Hablaron un rato más de lo que había estado haciendo él, de su club de jardinería y de un par de películas que había visto. Su vecino había montado un cuarteto vocal de hombres, y su padre había estado cantando con ellos en People’s Park una vez a la semana. Alex se alegró. De niña, le encantaba que su padre le cantase. Tenía una voz profunda y melodiosa.

—¡Es fantástico, papá!

—Gracias, tesoro. Estoy un poco oxidado, pero es muy divertido.

Alex le habló del desagradable señor Cooper y de su comida con Kathleen.

—Parece una interesante mezcla de personas.

Después estuvieron recomendándose libros el uno al otro. A ambos les encantaban los thrillers, las novelas de misterio y las de terror, y solían coincidir en gustos. Después, colgaron.
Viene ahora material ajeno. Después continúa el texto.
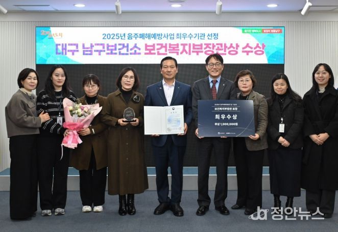 대구 남구보건소가 보건복지부 주관 ‘2025년 음주폐해예방사업 평가’에서 최우수기관으로 선정되어 보건복지부장관상을 수상했다.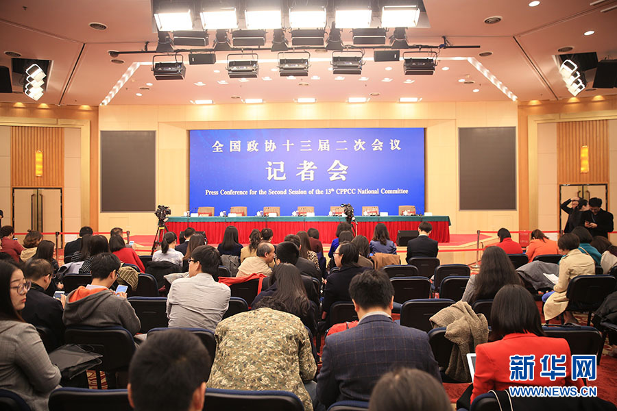 全國(guó)政協(xié)十三屆二次會(huì)議3月5日15:00在梅地亞中心多功能廳舉行記者會(huì),邀請(qǐng)5位全國(guó)政協(xié)委員就“打贏防范化解重大風(fēng)險(xiǎn)、精準(zhǔn)脫貧、污染防治三大攻堅(jiān)戰(zhàn)”回答記者提問(wèn)。圖為記者會(huì)現(xiàn)場(chǎng)。新華網(wǎng)/中國(guó)政府網(wǎng) 陳杰 攝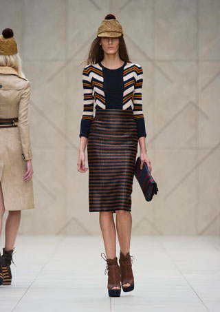 เบอร์เบอรี่ (BURBERRY) คอลเลคชั่น สปริง-ซัมเมอร์ 2012 ได้แสดงถึงความเป็นแบรนด์อังกฤษอย่างแท้จริง ในธีม Handcrafted Heritage สร้างสรรค์เสื้อผ้าที่มีลักษณะโดดเด่นด้วยเท็กซ์เจอร์ชัดเจน ด้วยงานฝีมือ โดยนำ มนต์เสน่ห์ของศิลปะ อาทิ ลูกปัด การถักทอ งานฝีมือชนเผ่าและการพิมพ์ลายหลากแบบ มาเป็นแรงบันดาลใจ ของเทรนด์ใหม่ซีซั่นนี้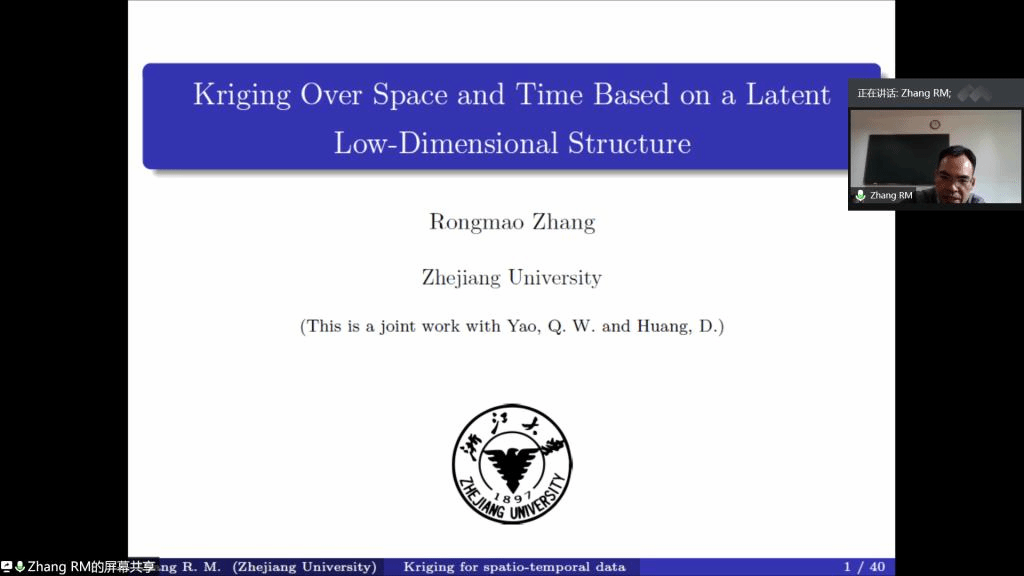 应公司邀请,12月21日下午,浙江大学张荣茂教授在腾讯会议上作了题为《KrigingsOver Space and Time Based on a Latent Low-Dimensional Structure》的报告。相关师生聆听了此次报告,报告由施建华教授主持。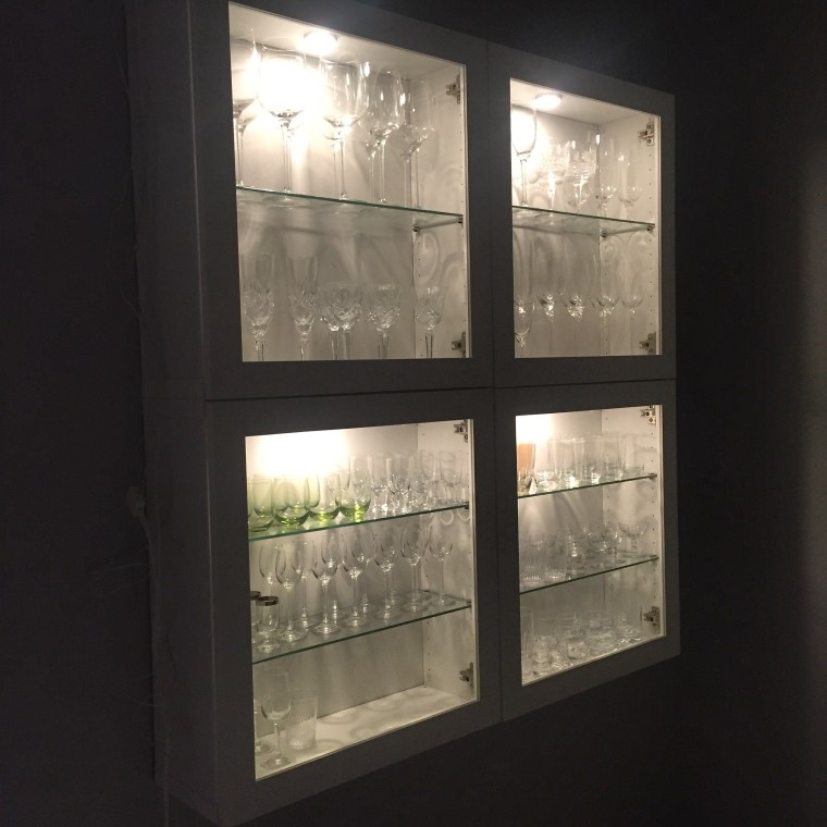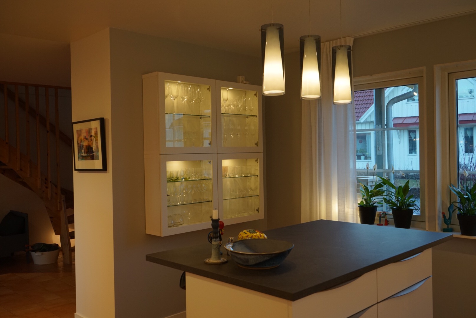 Under gårdagskvällen fick jag annars packat upp två av de 14 lådorna som köket är nerpackat i. Efter att vi fått hjälp med att få upp vårt nya vitrinskåp på väggen kunde vi montera dörrar och hyllor. Det blev tyvärr lite dubbelarbete eftersom vi valde att sätta dörrarna på plats innan hyllorna och se, det gick inte så det var bara att ta loss dörrarna igen, montera hyllorna och sedan sätta fast dörrarna igen. Först efter det kunde glasen flytta in.

Alex se estiró. Le dolían los músculos. A la mañana siguiente le esperaba un largo ascenso con una mochila llena hasta arriba, de manera que decidió acostarse temprano.

Pero una vez en la cama, le costó dormirse. La postal y el extraño regreso del GPS la mantuvieron en vela. Había alguien por ahí que o quería hacerse el misterioso o quería meterle miedo.

Y aunque le costaba admitirlo, por ahora iba ganando el factor miedo.